I don’t know if anyone could identify with me, but I seem to be coming full circle on the technology issue. We are living in this ultra-modern digital age, with the world of information at our fingertips, but for some reason I find myself harboring a deep . . . almost hatred of digital devices. My tablet feels useless, my smartphone like an unjustified extravagance. Email access anywhere? Who am I, Warren Buffett? Of course, there is something to be said for being able to Wiki something, define something, IMDB someone when the situation calls for it; when you’re watching a movie and someone goes, “oh, where have I seen her before?” you have the ability to snap off a little bit of information to release that mental tension. On the other hand, you could just let it go and not break up the temporal flow of your cinematic experience. . . I could go either way, but I’m tending toward silence now, because you start going down the list of everything this actor is doing and the next thing you know you’re looking at the cast of Cabaret and trying to figure out how the devil you got there. It’s like having a conversation with IMDB for Pete’s sake.

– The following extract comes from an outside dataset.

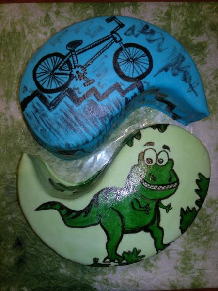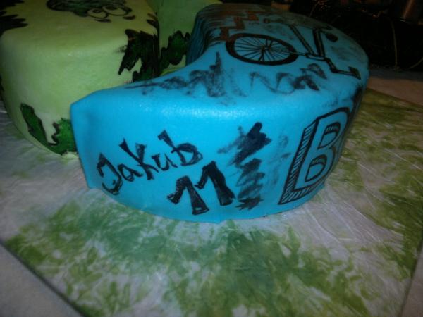 ahojte babulky dlho som tu nebola a bohuzial nestiham vas citat co ma troska mrzi ale pridam aspon moje vytvory jedna pre krstnych rodicov obaja mali 60 a druha zasa pre moje krsniatka ta bola strasna rychlovka som sa o den pomylila takze doobeda som to musela stihnut ale aspon som si skusila kreslit na torty kedze zadanie bola bicykel bmx a dinosaur a modelovat som nestihala 😀

But hey, there’s an issue. Is our technology taking the place of our memories? In Proust and the Squid: the Story and Science of the Reading Brain, Maryanne Wolf wrote about how (Plato, I think it was) had a problem with reading when it was starting to come around because according to him, having the information at your fingertips meant that you had no reason to memorize it – and indeed, back then it seems as though your average Greek could tell a hundred different tales verbatim, if Wolf is to be believed. But the point is clear, and I have experienced that myself with my technology. I grew up with an analog phone system, and when I was twelve I could rattle off thirty or so telephone numbers, while now I know just three telephone numbers by heart – four, if you count Jenny (867-5309.)

Now I find that I miss those things that the digital technology has replaced. Those things, they don’t just rustle with the dry sound of leaves. They’re the things that move, the things that ding, and the things that crackle. Do you remember typewriters? Record players? CRT televisions?

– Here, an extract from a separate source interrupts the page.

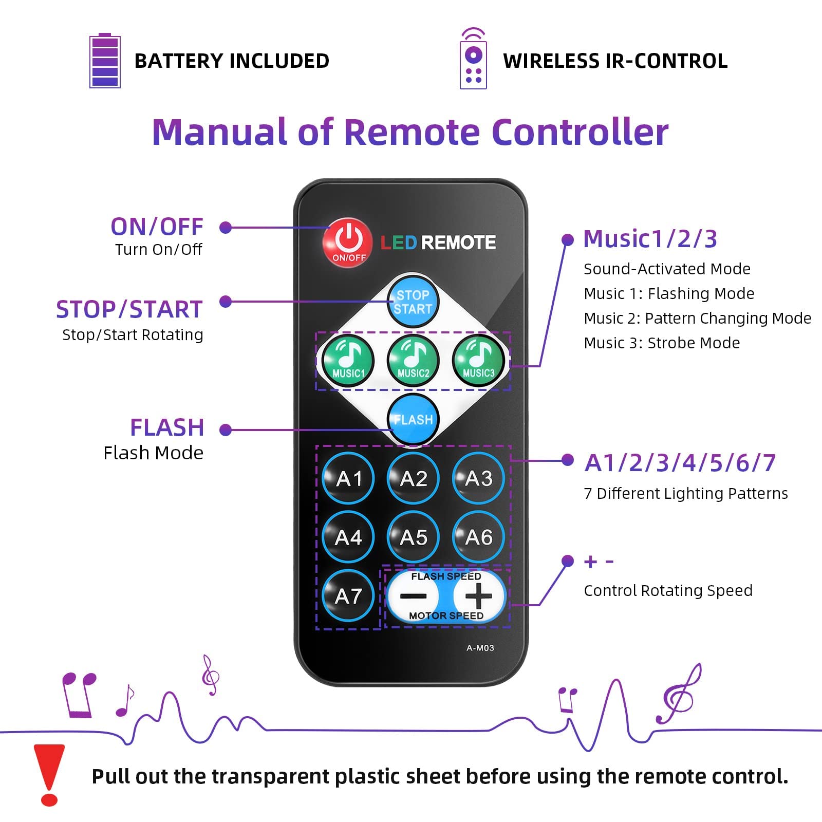 - 【Remote Controlled DJ LIGHT】Comes with a remote controller, you can use it to turn on/off the lights, change sound activated/lighting modes and control the rotating/flash speed. All functions on the remote, very easy to use.

Okay, I’m actually never going back to CRTs. That was just ridiculous. But how about UHF and VHF broadcasts? All arguments about quality aside, don’t you remember when you could twist that dial and tune in the station, and actually watch some TV? Now we have a local weather channel that I can’t seem to tune in even though it’s broadcasting within walking distance. That’s alright; if we have a tornado, I’ll just go outside and stare at the sky, I guess.

When I was younger, I was in danger of having to move in fairly quick order. It made sense to be able to concentrate more of my belongings in a smaller bit of space. But how is it that even though I’m now stable, I still feel obliged to do it all with a single artifact? Now I just want to carry a book, a real book, and I do. I actually, literally, smell the book from time to time, and it actually, literally, makes me feel better when I feel stranded in the world. Isn’t it a shame that we’re trying to leave all of our best innovations in the past, while entrusting our future to the cloud?